"高玉宝临终忏悔,承认周扒皮是编的,对不起周家后人。"
近期刷屏网络的这条短视频让无数人直呼被课本骗了。画面里轮椅上的老人面容枯槁,配上悲怆音乐,仿佛一段尘封历史终于迎来反转。但这出煽情大戏其实是彻头彻尾的捏造。高玉宝2019年因病离世,享年92岁。他临终时没有忏悔遗嘱,更没有向周家致歉。
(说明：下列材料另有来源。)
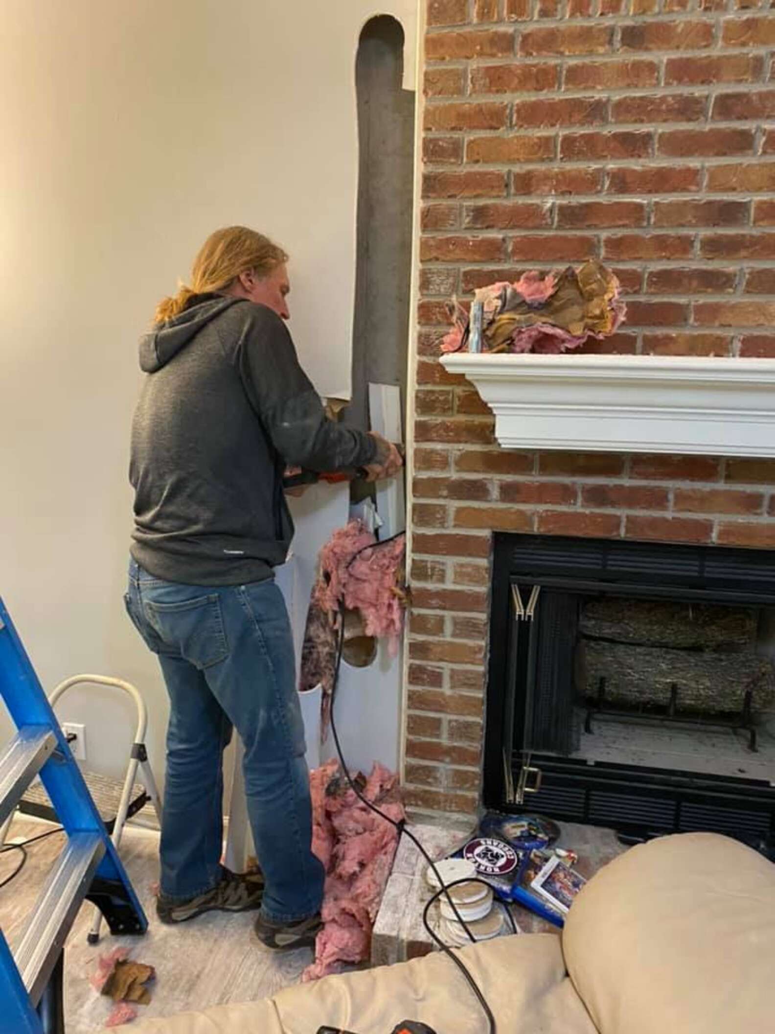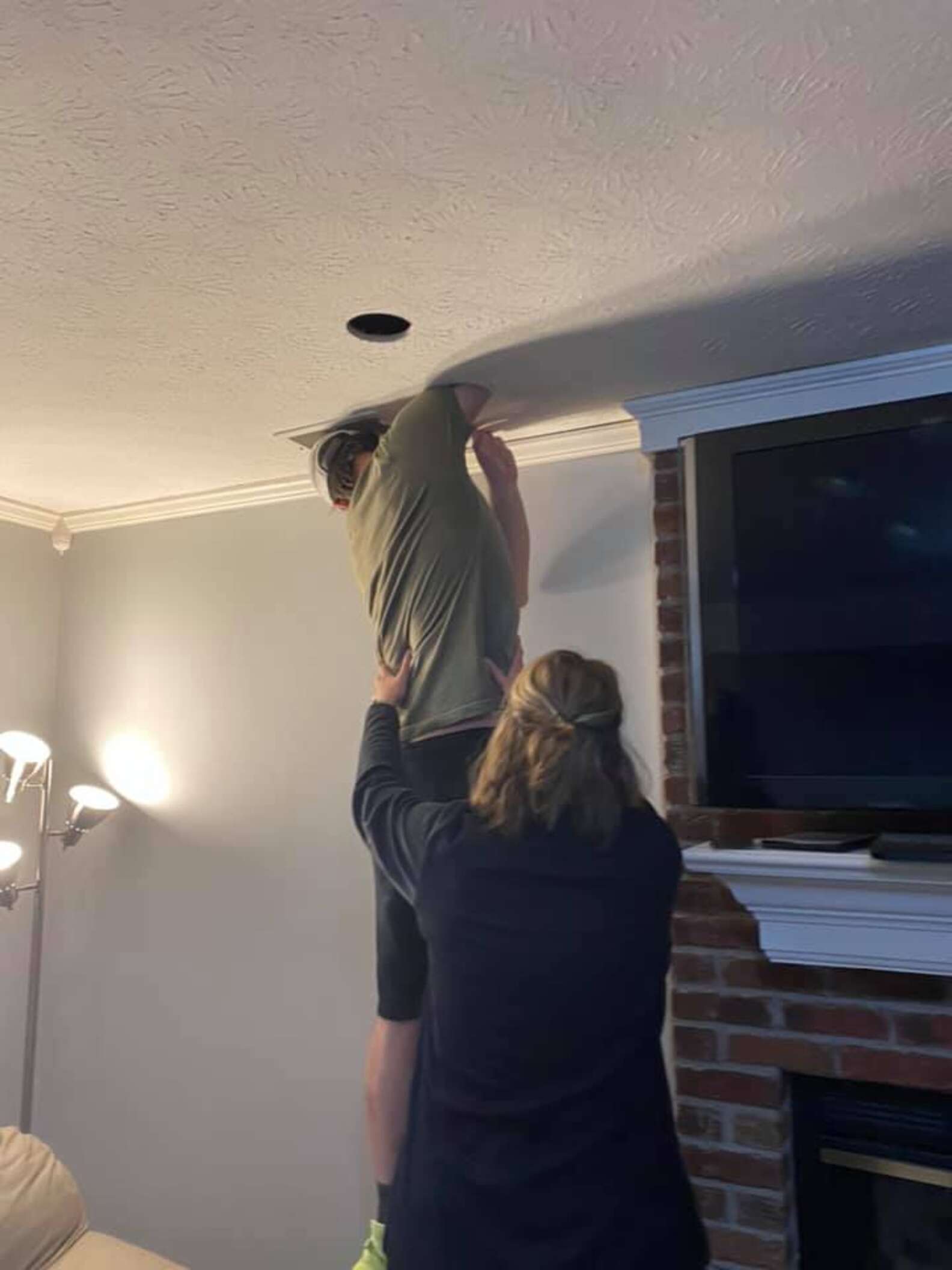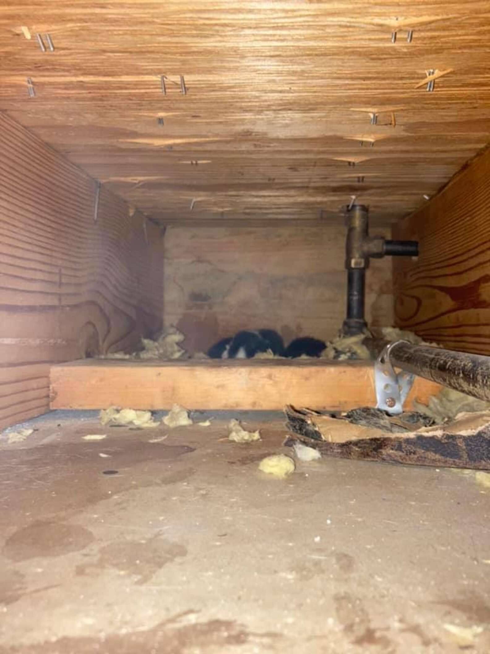 ▼Emily請人幫忙,將Mayhem和小貓們從天花板上救下來。他們找到3隻小貓,本以為這就是全部,沒想到煙囪裡又傳來了小貓的嚶嚶叫聲。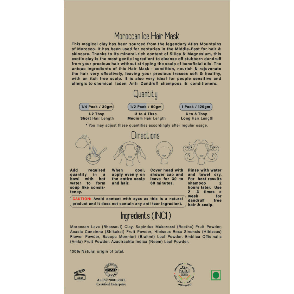 - Herbal Me Moroccan Ice Hair Mask provides a comprehensive remedy for an itchy scalp. This hair mask is crafted with entirely natural components that effectively remove persistent dandruff from your hair while retaining the scalp's beneficial oils. Composed of Rhassoul clay sourced from Morocco, this mask eliminates impurities from both the hair and scalp. It fortifies scalp tissue and encourages robust hair growth. Consistent use of this product results in a resilient and itch-free scalp.

当时他在恶性血管肉瘤的剧痛中,是听着儿子高燕飞唱的《我是一个兵》流下最后一滴眼泪。
这段全网泛滥的谣言呈现出明显的矩阵化特征。视频用的全是同一张色调被刻意调暗的轮椅照,文案像是从同一个模子里刻出来的,连发布时间都高度重合。自媒体键盘侠们甚至懒得找证据,纯靠一张图配一段煽情小作文,精准狙击中老年用户的泪腺。他们的算盘打得很精:先用老人临终反转骗点击,再在评论区带节奏,把阶级斗争抹黑成编故事。高玉宝生前对这些质疑早有定论,他始终坚持文学作品需要典型化。就算半夜钻鸡窝学鸡叫这个具体情节是艺术加工,但旧社会地主压榨长工的本质绝非虚构。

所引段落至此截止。